View source: R/johnson_neyman.R
| jn_interval | R Documentation |
Identifies the values of the moderating variable at which the conditional effect of the other variable transitions between statistical significance and non-significance.
jn_interval(m, var1, var2, ci = 0.95)
m |
A model object ( |
var1 |
The name (as a string) of the variable whose conditional effect is of interest. |
var2 |
The name (as a string) of the moderating variable. |
ci |
A numeric value defining the confidence level. The default is 0.95. |
The Johnson-Neyman (JN) technique finds the values of the moderating
variable (var2) at which the conditional effect of var1 is
exactly at the boundary of statistical significance.

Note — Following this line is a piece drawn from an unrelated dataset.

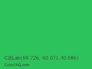 CIELab 69.726,-60.071,40.686 Color is a normal green color and the nearest color is UFO Green #3cd070. Hex code #2dc35c and RGB value is rgb(45,195,92). In RGB color space, this color is composed of 18% red, 76% green, 36% blue, In CMYK color space, this color is composed of 77% cyan, 0% magenta, 53% yellow , 24% black , In HSL color space, this color has a hue angle of 139° , 63% saturation and 47% lightness.

This is computed
analytically from the regression coefficients and their variance-covariance
matrix.
For linear mixed-effects models (lmerMod, glmerMod), a normal
approximation (z-distribution) is used instead of the t-distribution due
to the controversy over appropriate degrees of freedom.
The function does not support factor variables or quadratic terms (var1 == var2).
An object of class jn_interval containing:
All Johnson-Neyman bounds (may be 0, 1, or 2 values).
Bounds that fall within the observed data range of var2.
The range of the moderating variable in the data.
One of "always", "never", "between", "outside", "below", or "above", indicating where the effect is statistically significant.
List of (xmin, xmax) pairs marking non-significant regions.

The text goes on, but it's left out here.